In that easy way in which crowds change sides, the soldiers now began to acclaim Jean as he repeated his oath to break the skull of the first man in his squad who talked of not fighting. Bravo, corporal! That was the style! Bismarck's hash would soon be settled! In the midst of the savage ovation, Jean, who had calmed down, said to Maurice politely, as though he were not addressing one of his men, 'You can't be on the side of the cowards, sir—we haven't fought yet, but we'll end by licking them some day, those Prussians.'

At these words Maurice felt a sunray glide into his heart. He was disturbed, humiliated. So this Jean was not a mere rustic. Maurice remembered the fearful hatred that had consumed him when he picked up his gun after throwing it down in a moment of self-abandonment. But he also remembered how startled he had been at seeing the two large tears that stood in the corporal's eyes when the old grandmother, with streaming grey hair, was insulting them and pointing to the Rhine afar off beyond the horizon. Was it the fraternity born of fatigue and pain, endured in common, that was carrying his rancour away? Belonging as he did to a Bonapartist family, Maurice had never dreamt of the Republic otherwise than in theory; his inclinations were rather in favour of the Emperor personally, and he was a partisan of the war, war being in his mind an essential condition of the life of nations. Now, all of a sudden, hope was coming back to him in one of those veerings of the mind to which he was so subject; whilst the enthusiasm which one evening had impelled him to enlist again beat within him, filling his heart with confidence in victory.

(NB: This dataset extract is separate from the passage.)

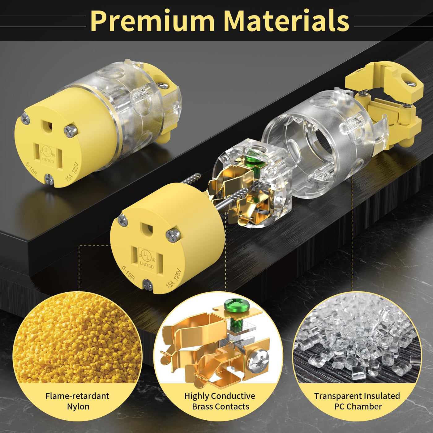 Q: What makes these plugs a durable choice for extension cords?A: These illuminated NEMA 5-15 female plugs are built with sturdy nylon and PC housing, ensuring long-lasting performance. The brass plug blades and connector contacts enhance durability, making them reliable for frequent use in various settings, from homes to industrial applications.
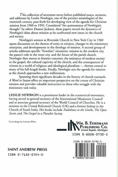 Books & Culture "Many fresh and stimulating insights to the world Christian missionary enterprise." International Bulletin of Missionary Research "Here is vintage Newbigin, a treat for those of us who over the years have been inspired and challenged, time and again, by his lucid defense of the Christian missionary task both abroad (mainly India) and at home (mainly the United Kingdom). . . If you have read some of Newbigin's writings in the past, here is a chance to refresh their memory with a synthesis of his thought. For the newcomer to Newbigin, A World in Season is a treat that should not be missed." Lutheran Quarterly "A stimulating introduction to the thought world of an ecumenical giant of the twentieth century who, though past eighty-five and severely handicapped in sight, is nevertheless constantly producing fresh perspectives on the church, kingdom, and mission." Missiology "A helpful and thought-provoking book for every missionary and every mission administrator."

'Certainly, corporal,' he answered gaily, 'we'll lick them!'

With its load of men, enveloped in the dense smoke of their pipes, and the stifling heat of their closely packed bodies, the cattle truck rolled and rolled along, greeting the anxious crowds at the stations and the haggard peasants posted along the hedges with obscene songs and drunken clamour. On August 20 they reached the Pantin station, just outside Paris, and the same night they started off again, quitting the train on the morrow at Rheims, en route for the camp of Châlons.